_Provided records:_
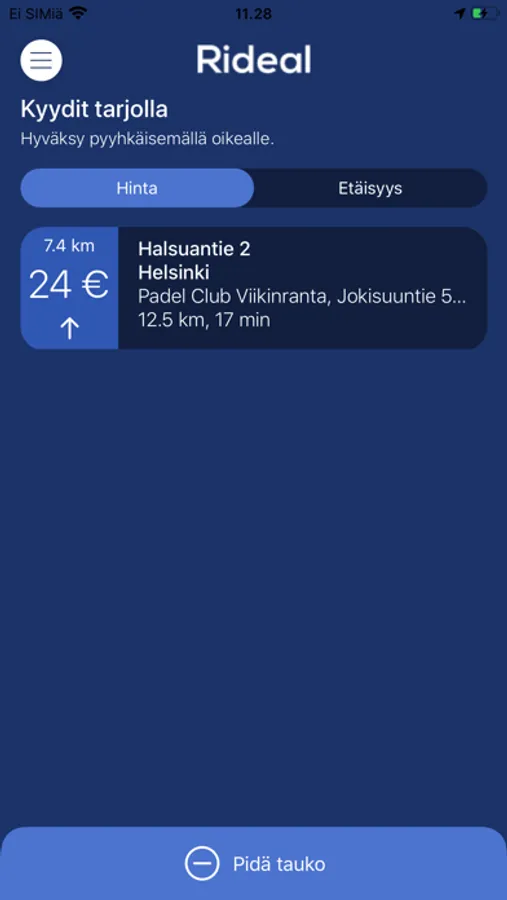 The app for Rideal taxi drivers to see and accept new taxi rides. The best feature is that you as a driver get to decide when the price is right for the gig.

---

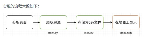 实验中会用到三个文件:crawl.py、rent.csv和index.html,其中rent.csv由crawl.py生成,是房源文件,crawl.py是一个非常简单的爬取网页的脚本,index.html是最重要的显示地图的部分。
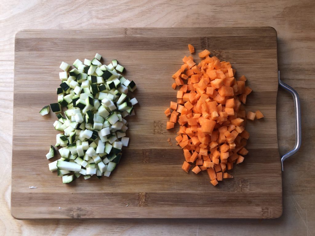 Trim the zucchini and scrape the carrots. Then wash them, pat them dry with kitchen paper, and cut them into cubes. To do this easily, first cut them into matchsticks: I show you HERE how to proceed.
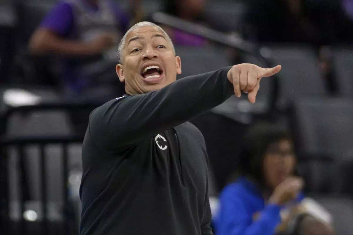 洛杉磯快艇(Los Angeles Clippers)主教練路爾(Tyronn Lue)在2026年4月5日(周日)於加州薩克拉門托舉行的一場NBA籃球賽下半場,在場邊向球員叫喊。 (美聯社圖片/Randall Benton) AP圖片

_Task to complete:_
In the entries above, find the line with "Trim the zucchini" and the line with "洛杉磯快艇(Los Angeles Clippers)主教練路爾(Tyronn". Return exactly those lines and all the ones between them, pictures excluded.

_Reply:_
 Trim the zucchini and scrape the carrots. Then wash them, pat them dry with kitchen paper, and cut them into cubes. To do this easily, first cut them into matchsticks: I show you HERE how to proceed.
 洛杉磯快艇(Los Angeles Clippers)主教練路爾(Tyronn Lue)在2026年4月5日(周日)於加州薩克拉門托舉行的一場NBA籃球賽下半場,在場邊向球員叫喊。 (美聯社圖片/Randall Benton) AP圖片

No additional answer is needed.